Ronggowuni, salahsatu anak Ken Umang berusaha merebut kekuasaan Tohjoyo. Pasukan Toh Joyo di bawah Lembu Ampal gagal menghancurkan perlawaman Ronggowuni. Pasukan Toh Joyo kalah, bahkan kemudian ia terbunuh dalam suatu pertempuran.

4) Ronggowuni (1248 – 1268 M)

Ronggowuni bergelar Sri Jaya Wisnuwardana didampingi oleh Mahisa Cempaka. Pada tahun 1254 M, Wisnuwardana (Ronggowuni) mengangkat putranya Kertanegara sebagai raja muda atau Yuwaraja. Tahun 1268 M, Ronggowuni meninggal dunia.

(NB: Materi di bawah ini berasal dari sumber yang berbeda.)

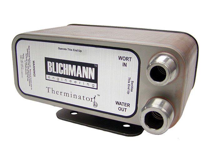 The Blichmann Therminator Wort Chiller is one of the most popular tools to use when chilling your wort, as it gets the job done quickly, effectively and without much effort from you. This particular chiller has 40 plates and 316 stainless steel plates and fittings. It features ½ inch MPT for the wort in and out, and a ¾ inch MPT garden hose thread for the water in and out. You’ll be able to chill just like the pros when you use the Blichmann Therminator Wort Chiller, as it is extremely similar to the chillers used in commercial breweries.,The Therminator chiller is small but mighty, with the capability to chill 10 gallons of wort down to 68 degrees when using 58 degree water in just five minutes! It measures an ultra compact 7.5 inches wide, 4 inches deep and 3 inches high, which also makes it very easy to clean and sanitize. It is brazed together with pure copper in an oxygen-free furnace so there are no potential leaks, and it even comes with heavy gauge stainless mounting bracket to keep your system looking sturdy and seamless. , ,,,All 316 stainless steel plates and fittings.,,,Chill like the pro's - Identical to commercial brewery chillers.,,,Brazed together with pure copper in an oxygen free furnace - no potential leaks like a gasketed unit.,,,Chill 10 gal in 5 min to 68°F using 58°F cooling water at 5 gpm.,,,Ultra compact (7.5" W, 4" D, 3" H),,,Easy to clean and sanitize - small enough to boil!,,,Garden hose thread connections on water side - no extra adapters to buy.,,,1/2" male NPT fittings on wort side mates up with virtually all common hose connector types. Much easier to sanitize than female fittings.,,,Comes with heavy gauge stainless mounting bracket
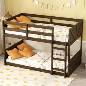 Twin Size Floor Bed with Fence and Door,Rubber Wood Floor Bed with Safety Guardrails,Espresso

5) Kertanegara (1268 – 1292 M)

Tahun 1268 M Kertanegara naik tahta bergelar Sri Maharajadiraja Sri Kertanegara. Kertanegara merupakan raja yang paling terkenal di Singasari. Ia bercita-cita Singasari menjadi kerajaan yang besar dengan wilayah kekuasaan yang luas

Kertanegara mencita-citakan wilayah Singasari meliputi seluruh Nusantara. Beberapa daerah akhirnya berhasil ditaklukkan, misalnya Bali, Kalimantan Barat Daya, Maluku, Sunda, dan Pahang.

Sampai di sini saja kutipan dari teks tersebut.